五点四十分。不需要看手机她也知道。三年来,她的身体比任何闹钟都准时。

她平躺着,等心脏开始狂跳。

但这一次,心跳是平稳的。

她盯着天花板,想起昨晚做的那个梦。梦里她站在一座土城响。城头上站着一个人,瘦得像一把刀,眼睛亮得惊人。

那个人在看她。

贞晓兕不知道那个人是谁。但她记得那双眼睛。

烈火燎原,刀锋出鞘。

她躺了很久,然后起身,走到书桌前。

桌上放着一本旧书,是父亲留给她的。书名叫《颜鲁公文集》,民国版的,纸张已经发黄,边角磨损得厉害。她小时候翻过几次,没怎么看懂,后来就搁下了。

但昨晚那个梦之后,她忽然想再翻一翻。

她翻开书,一页一页看过去。颜真卿的奏章、碑文、墓志铭,字字刚直,像他这个人。

翻到后面,有一篇《张兴传》。

贞晓兕愣住了。

她往下看。

“兴以骁勇闻,每战,执陌刀,其重十五斤……兴力战不降,遂被擒……思明怒,锯解之,兴骂不绝口,至死方休……”

她的手停在书页上。

“……束鹿人,葬于故里。其后,土坡生草,色赤如血,乡人谓之红草坡。”

贞晓兕盯着那几行字,看了很久。

窗外渐渐亮起来。六点了。

她的手机开始震动,家长群的消息一条一条弹出来。但她没有去看。她只是坐在那里,看着书页上那个一千多年前的人。

张兴。

她不知道为什么会梦见这个人。她甚至不记得自己什么时候读过这篇传。也许是小时候翻过,忘了,但身体还记得。

身体不说谎。

她想起梦里那个站在城头上的人,瘦得像一把刀,眼睛亮得惊人。她想起自己站在城下,仰着头,用尽全身力气喊的那句话——

“平原还在!”

贞晓兕猛地回过神。

她发现自己满脸是泪。

那天上午,贞晓兕请了假。

这是她工作十二年来第二次请病假。上一次是期中公开课那次,她在讲台上哭出来,请了三天。这一次,她只说“家里有事”,教导主任愣了一下,没多问就批了。

她坐了一个小时的地铁,去了城东的束鹿。

束鹿是个镇,离市区不远,但已经算是乡下了。她不知道自己在找什么,只是在网上查了查,说束鹿有个地方叫红草坡,但已经没什么人知道了。

下了公交车,她顺着一条土路往里走。

冬天的田野光秃秃的,麦茬还留在地里,灰扑扑的一片。
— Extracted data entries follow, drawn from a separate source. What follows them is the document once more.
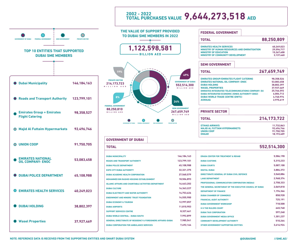 Dubai Government entities supporting SMEs include Dubai Municipality, the Roads and Transport Authority and Dubai Police. Federal government entities at the forefront of supporting SMEs include Emirates Health Services and the Ministry of Human Resources and Emiratisation.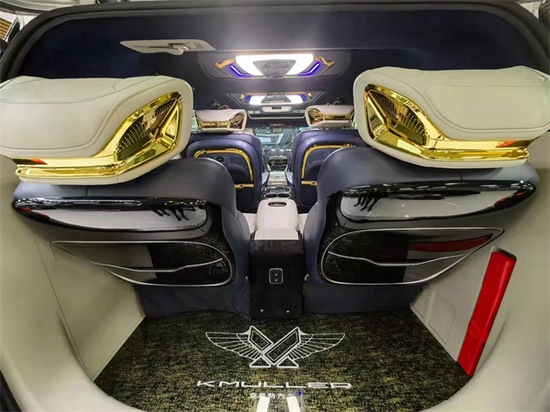关于别克GL8改装,其实陆上公务舱和陆尊版均可,就底盘配置而言,陆尊版的驾驶舒适度以及操控性优越于陆上公务舱。所以,克慕勒为了体现他的与众不同,也用的是陆尊es版所进行改装升级。整车为2.0t的动力,目前的国六商务车中,也基本都为这种动力。但是别克的马力在众多的商务车型中是排在前面的,再加上他车型并不是很大,所以它的操控性非常的好。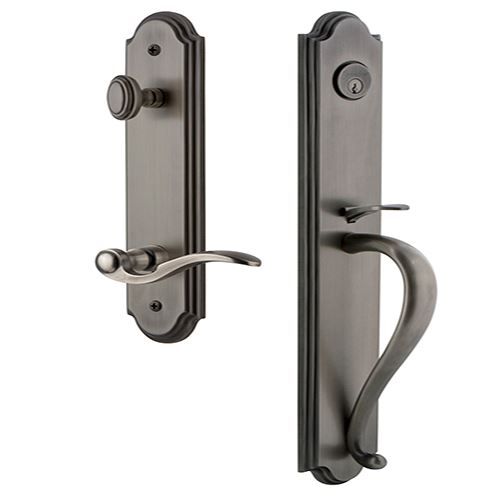 Stacked beveled edges and graceful curves provide a stately presence in the Grandeur Arc Handleset S Grip and Bellagio Lever - Keyed Alike. The Arc One-Piece Handleset is available with any Grandeur Hardware knob and lever. Offered in Vintage Brass, Antique Pewter, Satin Nickel, Timeless Bronze and Lifetime Brass.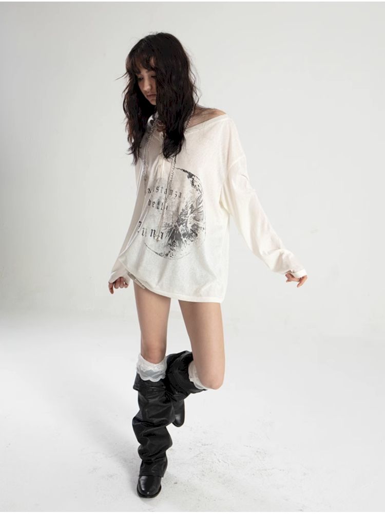 Loose Asymmetric Neckline T-Shirt【s0000008481】
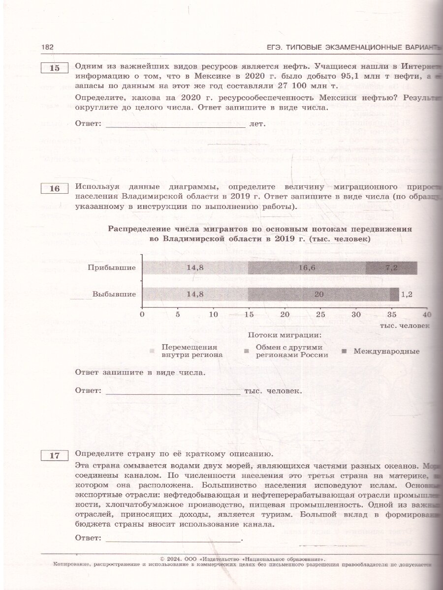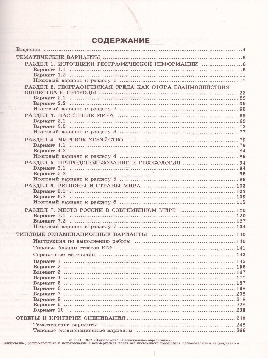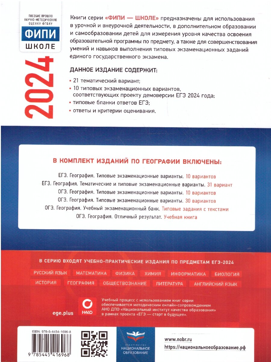 • 10 типовых экзаменационных вариантов, составленных в соответствии с проектом демоверсии КИМ ЕГЭ по географии 2024 года;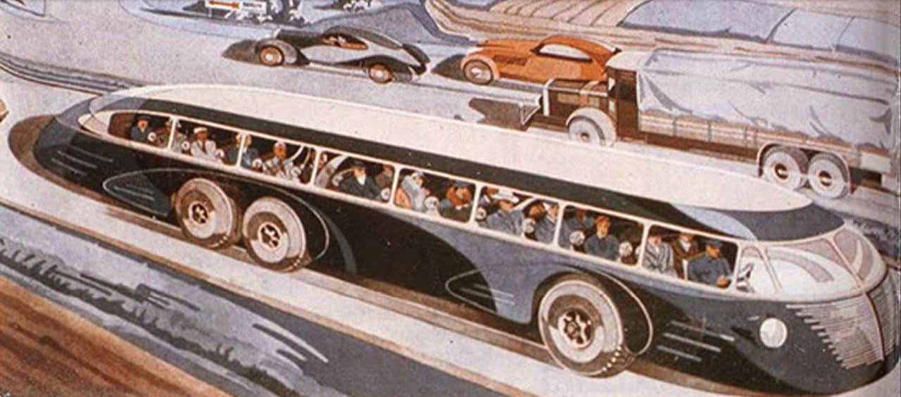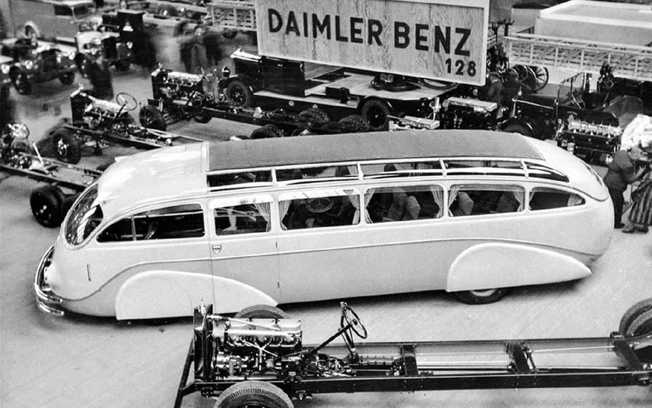 In Germany, Mercedes and Büssing were two manufactures that built dramatic looking autobahn cruising vehicles, in the UK Duple was also a trendsetter. Futurist designers in the US presented fantastic schemes for dramatic trans-continental buses most of which were never going to reach production but challenged contemporary car design.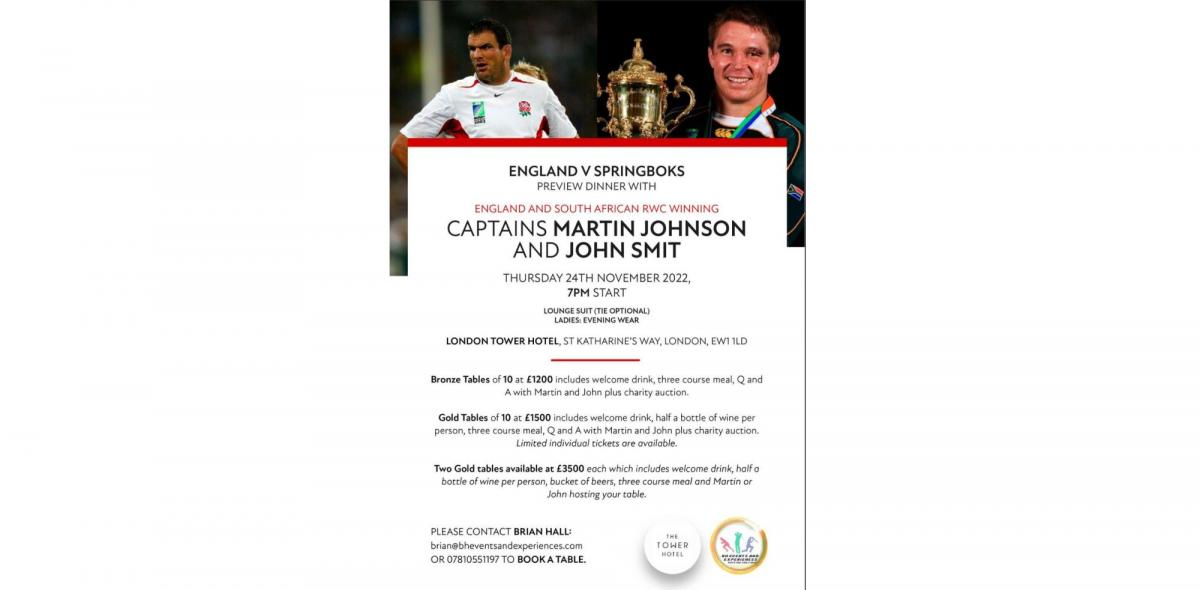 Third party event: Springboks v England preview dinner with Martin Johnson and John Smit
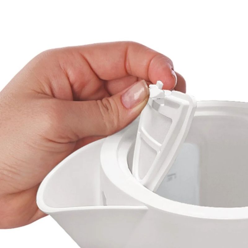 Además, incorpora un práctico sistema de apertura de tapa con traba de seguridad y un filtro de partículas extraíble y lavable, para que disfrutes de un agua más limpia y pura en cada preparación.

走了约莫两里路,她看见一个放羊的老头,蹲在田埂上抽烟。

她走过去,问:“大爷,这附近有叫红草坡的地方吗?”

老头抬起头,眯着眼睛看她。

“红草坡?”他把烟袋锅在鞋底磕了磕,“你找那地方干啥?”

“我……”贞晓兕想了想,“我想看看。”

老头看了她一会儿,然后站起身,往北指了指。

“往前走,看见那棵歪脖子柳树,往东拐,再走一里多地,有个土坡,那就是。”

贞晓兕道了谢,继续往前走。

走了约莫二十分钟,她看见了那个土坡。

就是普普通通的一个土坡,不高,不陡,长满了枯草。冬天的草是黄的,灰扑扑的黄,和周围的田野没什么两样。

贞晓兕站在坡下,看了很久。

没有红草。

也是,现在是冬天。就算是红草,这时候也枯了。

她不知道自己在期待什么。也许什么都没期待。她只是想来这里站一站,看一看。

风从北边吹过来,冷得刺骨。她把外套裹紧,慢慢往坡上走。

走到坡顶,她忽然停住了。

坡顶上有一块石头,不大,半埋在土里。石头上没有字,但能看出来,是被人凿过的,方方正正的一块,像是一块碑。

贞晓兕蹲下来,用手去摸那块石头。

石头很凉,凉得扎手。但摸着摸着,她忽然觉得,有什么东西从石头里传上来,顺着指尖,流进她的身体。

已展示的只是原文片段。